◆ **Work task**
Your reply should hold every entry below exactly as written and none of the pictures.

◆ **Given data**
=== Begin Enclosure ===
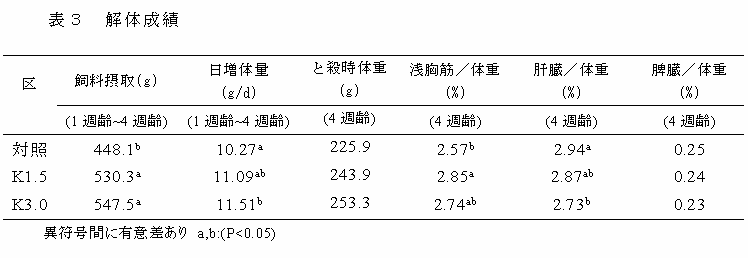 カニ殻添加により、飼料摂取量・日増体量(DG)が高くなり、浅胸筋重量比においては、カニ殻添加区は対照区と比べ高い値を示し、肝臓重量比は低い値を示す(表3)。 |
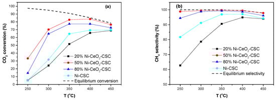 Figure 5 shows the catalytic performance of the Ni-CeO2-CSC catalysts. At low temperatures, the CO2 conversion and CH4 selectivity of the 20% Ni-CeO2-CSC catalyst were low. This could be due to most of the Ni surface being covered by CeO2 in the 20% Ni-CeO2-CSC catalyst. When the nickel content increased from 20% to 50%, the CO2 conversion and CH4 selectivity of the Ni-CeO2-CSC increased significantly. When the nickel content further increased to 80%, the conversion and selectivity of the catalyst decreased. The Ni-CSC catalyst with 100% Ni content showed low CO2 conversion and CH4 selectivity, especially at low temperatures. The 50% Ni-CeO2-CSC catalyst had the best catalytic performance among the Ni-CeO2-CSC catalysts. At temperatures higher than 400 °C, the conversion and selectivity of the catalyst decreased slightly, due to the limitation of the thermodynamic equilibrium of CO2 methanation and the formation of CO in the reverse water–gas shift reaction [38,39].
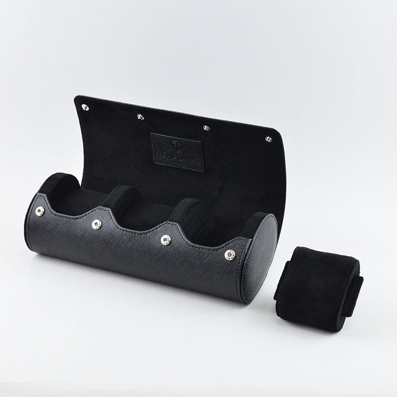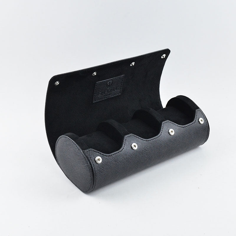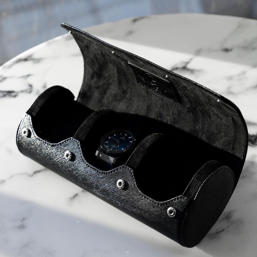 Full Black Saffiano Leather Watch Roll
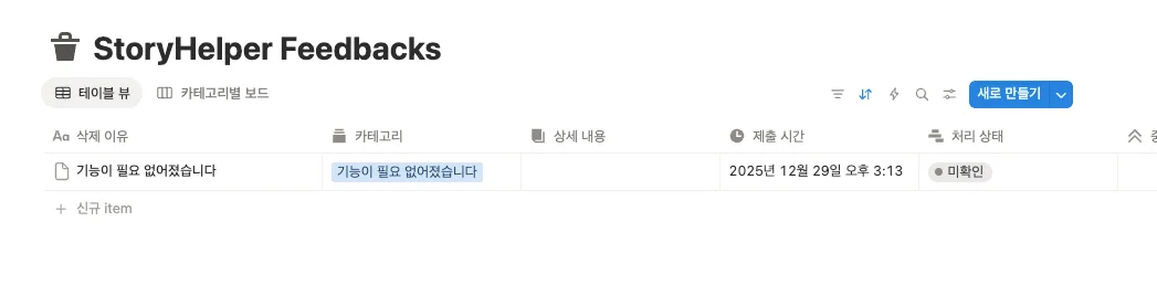 이렇게 수집된 피드백 데이터는 노션 데이터베이스에 저장하도록 했다. 유저 수가 천 단위가 아니기 때문에 DB를 쓰는 건 오버엔지니어링이었기 때문에 이렇게 결정했는데 실시간으로 데이터가 쌓이는게 보이니까 재미있다.
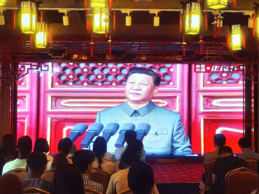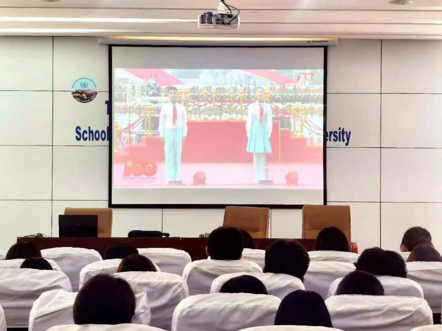 中外师生与北京会场参会代表一起全程观看庆祝大会,一起亲眼目睹了空中护旗队驭风飞越送祝福,歼10歼20战鹰英姿飒爽展雄风,鸣炮百响声声震寰宇,国旗护卫队百步亮相正气节,青少年铿锵有力诵誓言,各民主党派工商联、无党派人士联合各界,共送祝福,同庆盛世的感人画面。
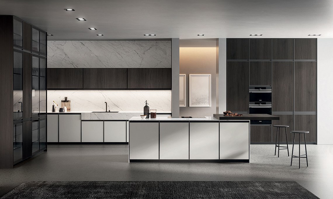 due isole distinte, unite tra loro dal piano snack a sbalzo in noce Italia di spessore superiore al top in Laminam pietra di Savoia grigia. Completano la composizione le colonne a parete dalle ante in vetro selenio opaco e vetro fumè che ospitano gli elettrodomestici accostate alle vetrinette con luci Led dal telaio titanio che supporta il vetro fumè. Le basi in Laminam pietra di Savoia grigia hanno maniglia integrata nel telaio e lo zoccolo finitura titanio.
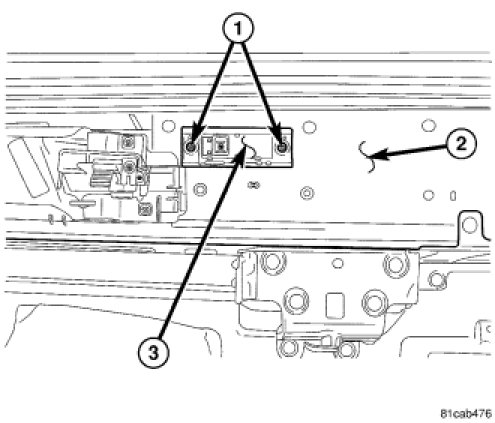 1. Position the memory switch (3) and install and tighten the two screws (1) that secure it to the back of the driver front door trim panel (2).
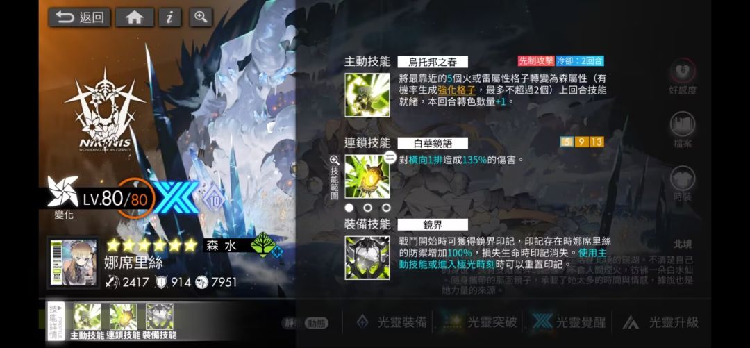 我们常说绯是森队成型的最后一块拼图,但其实那席里斯才是梦开始的地方。这个森系光灵作为森队隐藏的功臣,虽然不能打出爆炸伤害,却可以辅佐每一个森属性的主C抵达他们的巅峰,可以说是流水的主C铁打的那席里斯。 今天,就让国际服的老玩家带我们了解一下森队的无冕之王,北境少女那席里斯。 角色点评: 那席里斯和其他三个初始推荐的六星转色光灵一样,具备短CD多属性的转色技能,0突破即可享受的先制攻击,稳定可靠的连
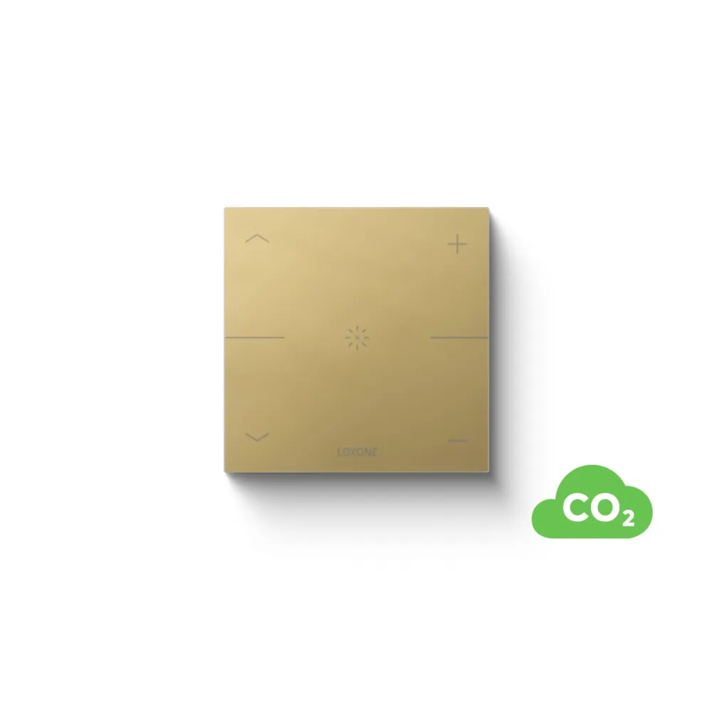 Loxone Touch Pure CO₂ Tree (zlatá) – ovládací panel, který spojuje luxusní design s inteligentní funkcí. Sledujte kvalitu vzduchu, ovládejte scénáře a užijte si maximální komfort ve svém chytrém domě.
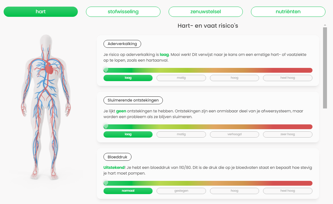 Op basis van je bloed en levensstijl bouwt Synapse een digitaal model van je gezondheid, zodat je in één oogopslag ziet welke risico's je loopt en waar je kansen liggen.
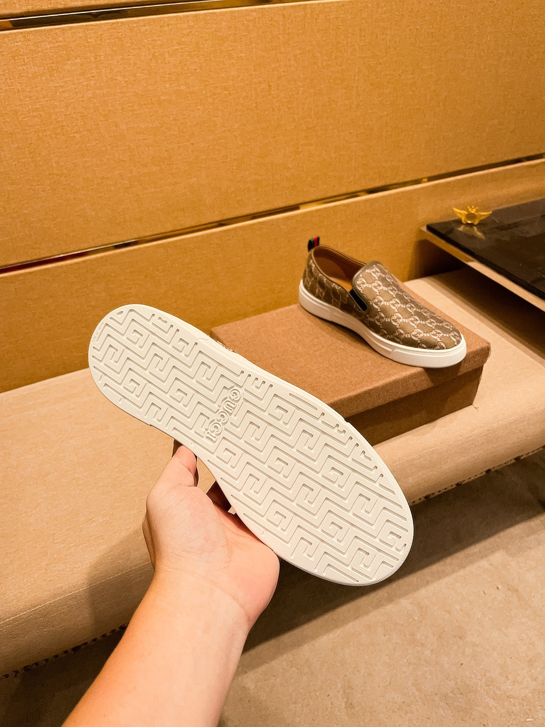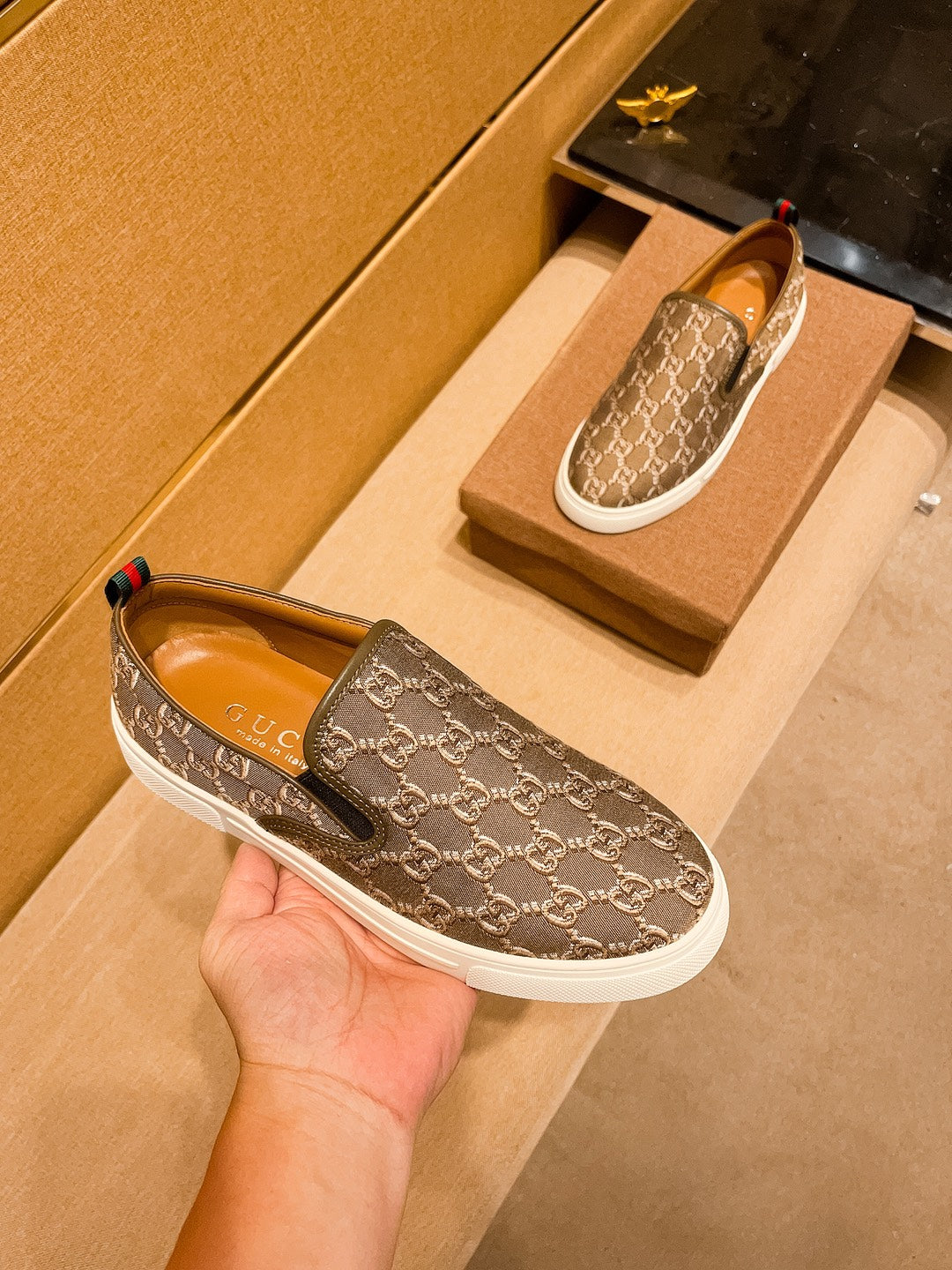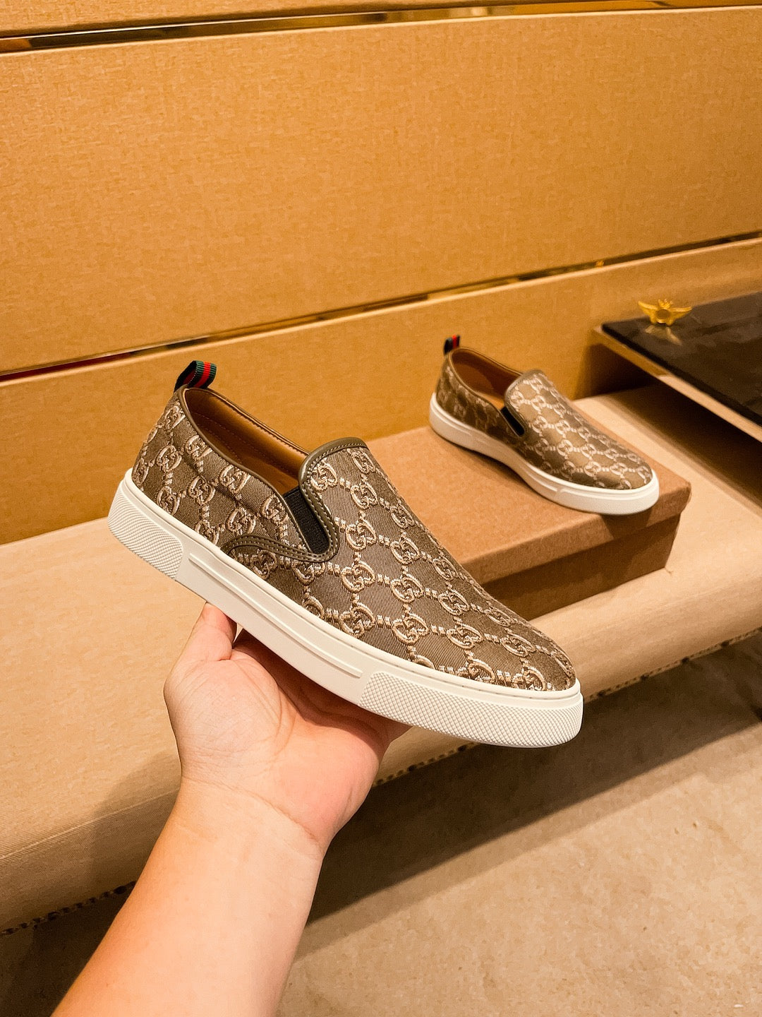 GG Men's Slip on Loafer Brown Fabric 477012
=== End Enclosure ===
◆ **Written reply**
 カニ殻添加により、飼料摂取量・日増体量(DG)が高くなり、浅胸筋重量比においては、カニ殻添加区は対照区と比べ高い値を示し、肝臓重量比は低い値を示す(表3)。 |
 Figure 5 shows the catalytic performance of the Ni-CeO2-CSC catalysts. At low temperatures, the CO2 conversion and CH4 selectivity of the 20% Ni-CeO2-CSC catalyst were low. This could be due to most of the Ni surface being covered by CeO2 in the 20% Ni-CeO2-CSC catalyst. When the nickel content increased from 20% to 50%, the CO2 conversion and CH4 selectivity of the Ni-CeO2-CSC increased significantly. When the nickel content further increased to 80%, the conversion and selectivity of the catalyst decreased. The Ni-CSC catalyst with 100% Ni content showed low CO2 conversion and CH4 selectivity, especially at low temperatures. The 50% Ni-CeO2-CSC catalyst had the best catalytic performance among the Ni-CeO2-CSC catalysts. At temperatures higher than 400 °C, the conversion and selectivity of the catalyst decreased slightly, due to the limitation of the thermodynamic equilibrium of CO2 methanation and the formation of CO in the reverse water–gas shift reaction [38,39].
 Full Black Saffiano Leather Watch Roll
 이렇게 수집된 피드백 데이터는 노션 데이터베이스에 저장하도록 했다. 유저 수가 천 단위가 아니기 때문에 DB를 쓰는 건 오버엔지니어링이었기 때문에 이렇게 결정했는데 실시간으로 데이터가 쌓이는게 보이니까 재미있다.
 中外师生与北京会场参会代表一起全程观看庆祝大会,一起亲眼目睹了空中护旗队驭风飞越送祝福,歼10歼20战鹰英姿飒爽展雄风,鸣炮百响声声震寰宇,国旗护卫队百步亮相正气节,青少年铿锵有力诵誓言,各民主党派工商联、无党派人士联合各界,共送祝福,同庆盛世的感人画面。
 due isole distinte, unite tra loro dal piano snack a sbalzo in noce Italia di spessore superiore al top in Laminam pietra di Savoia grigia. Completano la composizione le colonne a parete dalle ante in vetro selenio opaco e vetro fumè che ospitano gli elettrodomestici accostate alle vetrinette con luci Led dal telaio titanio che supporta il vetro fumè. Le basi in Laminam pietra di Savoia grigia hanno maniglia integrata nel telaio e lo zoccolo finitura titanio.
 1. Position the memory switch (3) and install and tighten the two screws (1) that secure it to the back of the driver front door trim panel (2).
 我们常说绯是森队成型的最后一块拼图,但其实那席里斯才是梦开始的地方。这个森系光灵作为森队隐藏的功臣,虽然不能打出爆炸伤害,却可以辅佐每一个森属性的主C抵达他们的巅峰,可以说是流水的主C铁打的那席里斯。 今天,就让国际服的老玩家带我们了解一下森队的无冕之王,北境少女那席里斯。 角色点评: 那席里斯和其他三个初始推荐的六星转色光灵一样,具备短CD多属性的转色技能,0突破即可享受的先制攻击,稳定可靠的连
 Loxone Touch Pure CO₂ Tree (zlatá) – ovládací panel, který spojuje luxusní design s inteligentní funkcí. Sledujte kvalitu vzduchu, ovládejte scénáře a užijte si maximální komfort ve svém chytrém domě.
 Op basis van je bloed en levensstijl bouwt Synapse een digitaal model van je gezondheid, zodat je in één oogopslag ziet welke risico's je loopt en waar je kansen liggen.
 GG Men's Slip on Loafer Brown Fabric 477012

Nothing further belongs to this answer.